Participated in SiEUGreen (2018-2022), a large EU-China collaborative project on green and smart cities covering resilience, land use, urban design, and resource efficiency.
HATAY METROPOLITAN MUNICIPALITY
Turkish metropolitan municipality offering an urban testbed for smart cities, food security, and social inclusion research in a culturally diverse Mediterranean context.
Their core work
Hatay Metropolitan Municipality is the elected local government authority for Antakya and the Hatay province in southern Turkey, responsible for urban planning, public services, and community development for a population of over one million. In EU research contexts, they serve as a real-world urban testbed and municipal implementation partner, providing access to a diverse, cross-cultural urban population and the institutional authority to pilot city-level interventions. Their H2020 participation covers two distinct themes: engaging youth in civic environmental participation, and contributing a Turkish Mediterranean city's perspective to Sino-European smart city and urban food security research. As a public body, they bring the practical dimension of translating research into municipal policy and community practice.
What they specialise in
SiEUGreen included food security and food literacy as explicit themes, positioning the municipality as a site for testing urban food system interventions.
Participated in STEP (2015-2017), focused on societal and political engagement of young people in environmental issues.
SiEUGreen keywords include inclusion and social innovation, reflecting a role in testing socially equitable approaches to urban transformation.
How they've shifted over time
Their first project (STEP, 2015-2017) focused narrowly on youth civic participation and environmental awareness — a common entry point for municipalities into EU research. By 2018 they had shifted to a substantially broader agenda in SiEUGreen, encompassing smart city infrastructure, EU-China cooperation, food security, urban design, and social innovation simultaneously. The trajectory points from soft civic education toward integrated urban sustainability governance, with food systems and resilience emerging as specific municipal competencies.

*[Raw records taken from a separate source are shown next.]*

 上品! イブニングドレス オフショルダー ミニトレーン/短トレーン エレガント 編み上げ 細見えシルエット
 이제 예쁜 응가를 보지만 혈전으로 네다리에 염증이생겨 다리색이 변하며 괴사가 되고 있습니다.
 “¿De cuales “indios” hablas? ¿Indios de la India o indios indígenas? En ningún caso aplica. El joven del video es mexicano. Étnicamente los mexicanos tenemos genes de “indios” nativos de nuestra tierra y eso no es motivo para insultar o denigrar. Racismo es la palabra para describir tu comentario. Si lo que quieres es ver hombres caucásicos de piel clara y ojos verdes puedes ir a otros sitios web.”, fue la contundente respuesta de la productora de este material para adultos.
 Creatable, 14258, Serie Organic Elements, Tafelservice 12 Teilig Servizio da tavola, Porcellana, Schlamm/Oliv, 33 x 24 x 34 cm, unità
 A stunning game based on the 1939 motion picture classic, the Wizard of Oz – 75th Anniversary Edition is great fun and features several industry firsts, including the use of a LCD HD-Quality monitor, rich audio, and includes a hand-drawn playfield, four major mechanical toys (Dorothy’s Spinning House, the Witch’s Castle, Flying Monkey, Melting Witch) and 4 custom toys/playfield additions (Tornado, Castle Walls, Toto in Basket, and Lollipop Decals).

The municipality is moving toward complex multi-theme urban sustainability projects, making them a relevant partner for consortia that need a mid-sized Turkish city as a pilot or case-study site — particularly where EU-China or EU-MENA dimensions add geographic value.
How they like to work
Hatay Metropolitan Municipality has participated exclusively as a consortium partner across both projects, never taking a coordinator role. Both projects involved large international consortia (SiEUGreen alone had many partners across European and Chinese cities), suggesting they are comfortable contributing as one node among many rather than driving project leadership. For a potential partner, this means they are likely accessible and flexible to join, but should not be expected to manage project administration or take on lead responsibilities.

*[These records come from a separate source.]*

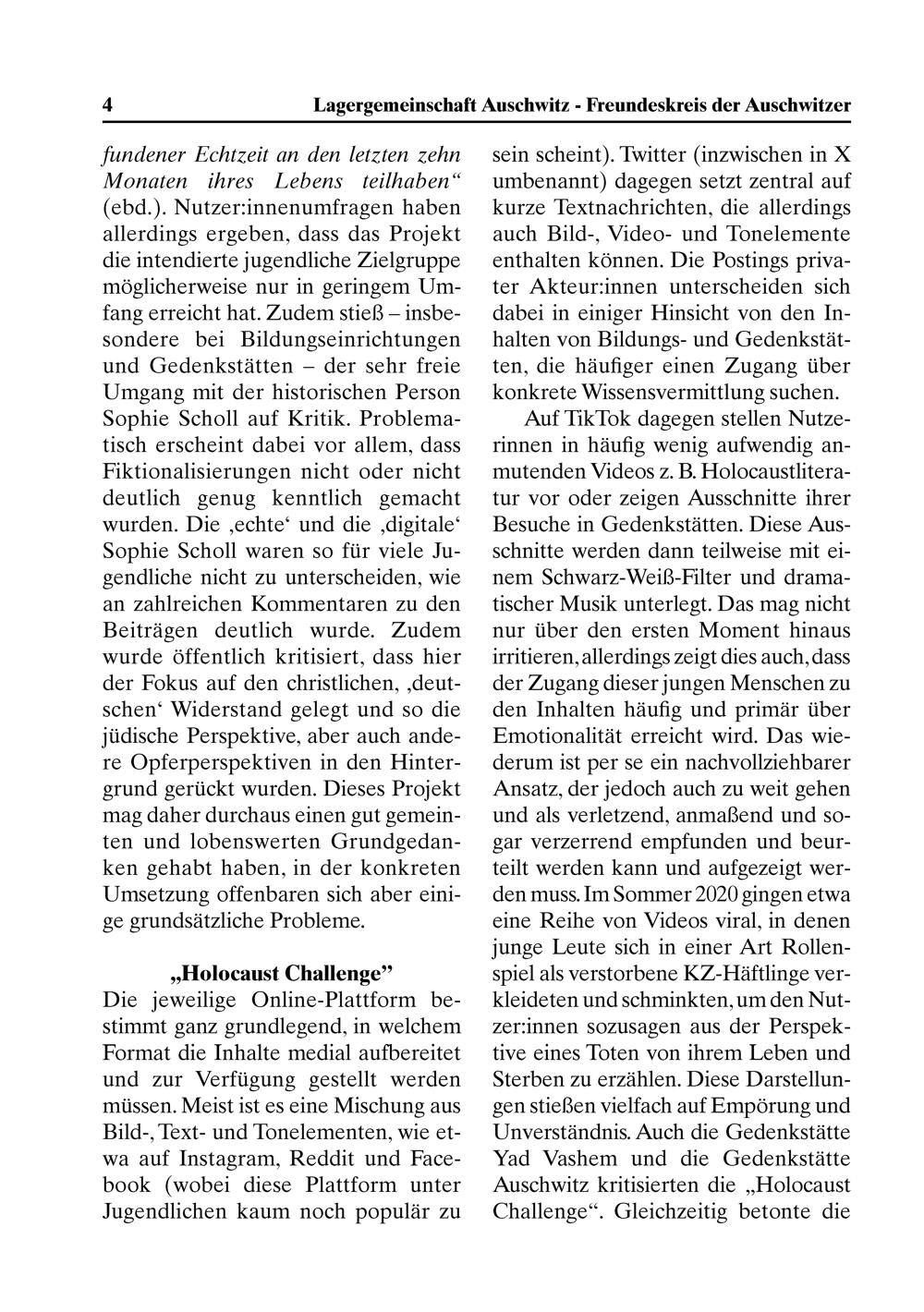 Sein scheint). Twitter(in?wischen in X umbenannt) dagegen setzt zentral auf kurze TIextnachrichten, die allerdings auch Bild-, Video- und Tonelemente enthalten können. Die Postings priva- ter Akteur:innen unterscheiden sich dabei in einiger Hinsicht von den In- halten von Bildungs- und Gedenkstät- ten, die häufiger einen Zugang über konkrete Wissensvermittlung suchen. Auf Tik Tok dagegen stellen Nutze- rinnen in häufig wenig aufwendig an- mutenden Videos z. B. Holocaustlitera- tur vor oder zeigen Ausschnitte ihrer Besuche in Gedenkstätten. Diese Aus- Schnitte werden dann teilweise mit ei- nem Schwarz-Weiß-FHilter und drama- tischer Musik unterlegt. Das mag nicht nur über den ersten Moment hinaus irritieren, allerdings Zeigt dies auch, dass der Zugang dieser jungen Menschen zu den Inhalten häufig und primär über Emotionalität erreicht wird. Das wie- derum ist per se ein nachvolkiehbarer Ansat?, der jedoch auch zu weit gehen und als verletzend, anmaßend und so- gar verzerrend empfunden und beur- teilt werden kann und aufgezeigt wer- den muss. Im Sommer 2020 gingen etwa eine Reihe von Videos viral, in denen junge Leute sich in einer Art Rollen- Spiel als verstorbene KZHäftlinge ver- kleideten und schminkten, um den Nut- zer:innen sozusagen aus der Perspek- tive eines Toten von ihrem Leben und Sterben zu erzählen. Diese Darstellun- gen stießen vieffach auf Empörung und Unverstãndnis. Auch die Gedenkstãtte vVad Vashem und die Gedenkstätte Auschwitz kritisierten die„Holocaust Challenge“. Gleichzeitig betonte die
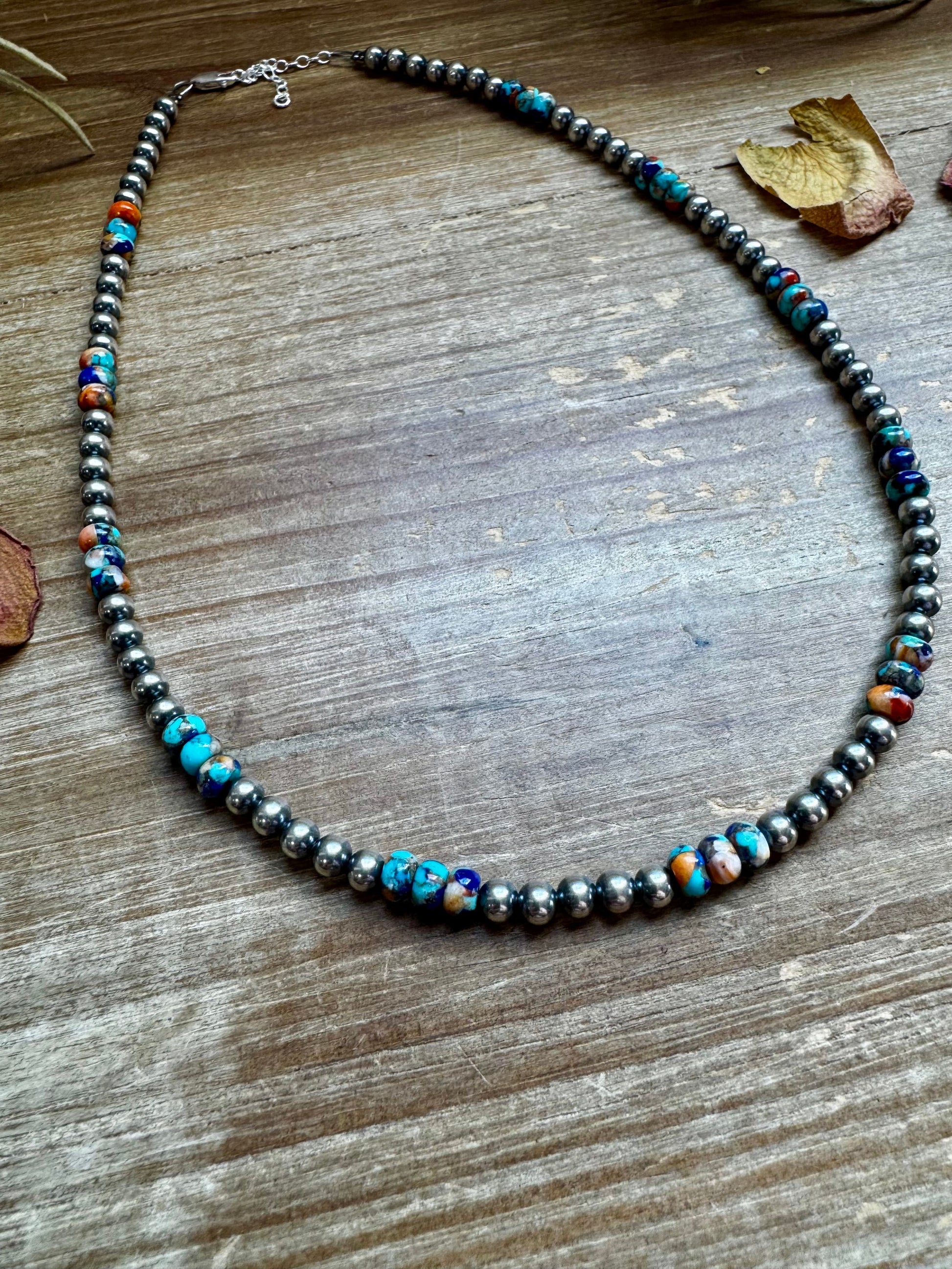 18 Inch 5 mm sterling silver pearls necklace with RARE Lapis mix with spiny & turquoise rondelle beads
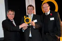 Pic: Argon Design CTO Steve Barlow, left, and chief executive Alan Scott, centre, receive the Award from Mark Larson, right, vice chairman of category sponsor Digi-Key Electronics
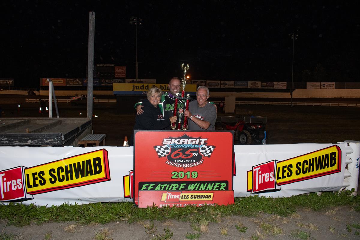 Alger, WA - A huge crowd packed Skagit Speedway for the Les Schwab Midseason Championship night and fireworks extravaganza and saw four familiar faces grace victory lane. Colton Heath and Chase Goetz entered the night as the respective point leaders in their division and came away with wins, while Kevin Smith and Adam Holtrop were repeat winners in their classes. The top eight cars in owner points were locked in to the scramble - cars ninth and deeper all qualified for their starting spots in the sprint car divisions. In the stock car classes, six cars went to the scramble off owner points, while positions seven on back had their A Main spots determined by owner points highest to lowest coming into the night.

They have worked with 31 unique consortium partners across 14 countries — unusually broad for only two projects, reflecting participation in large-scale international consortia. Their network spans Europe and extends to China via the SiEUGreen project, giving them cross-continental research connections rare among Turkish municipalities.
What sets them apart
Hatay is geographically and culturally distinct — a southern Turkish province bordering Syria, historically one of the most ethnically and religiously diverse regions in the Middle East, which gives the municipality a rare perspective on urban inclusion and resilience under real social stress. For consortia requiring a non-Western-European urban case study with EU institutional ties, this municipality offers a meaningful boundary condition that Northern or Central European city partners cannot replicate. Their EU-China collaboration experience also makes them a credible bridge partner for projects with Asian or Global South dimensions.

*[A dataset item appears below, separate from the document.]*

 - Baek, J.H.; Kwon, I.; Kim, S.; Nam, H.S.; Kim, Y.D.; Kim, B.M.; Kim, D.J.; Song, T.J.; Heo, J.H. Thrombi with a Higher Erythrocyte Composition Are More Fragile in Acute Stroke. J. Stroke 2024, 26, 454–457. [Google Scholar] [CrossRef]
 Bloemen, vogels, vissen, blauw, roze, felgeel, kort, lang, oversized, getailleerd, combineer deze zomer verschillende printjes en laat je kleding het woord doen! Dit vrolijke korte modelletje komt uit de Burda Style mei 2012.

Highlights from their portfolio
- SiEUGreenThe largest and most complex of their projects (EUR 357,965), spanning 2018-2022 with EU-China scope across smart cities, food security, urban design, and social innovation — rare breadth for a single municipal participant.
- STEPTheir entry into H2020 via a youth civic engagement project signals an institutional commitment to participatory approaches before moving to the more technical smart city agenda.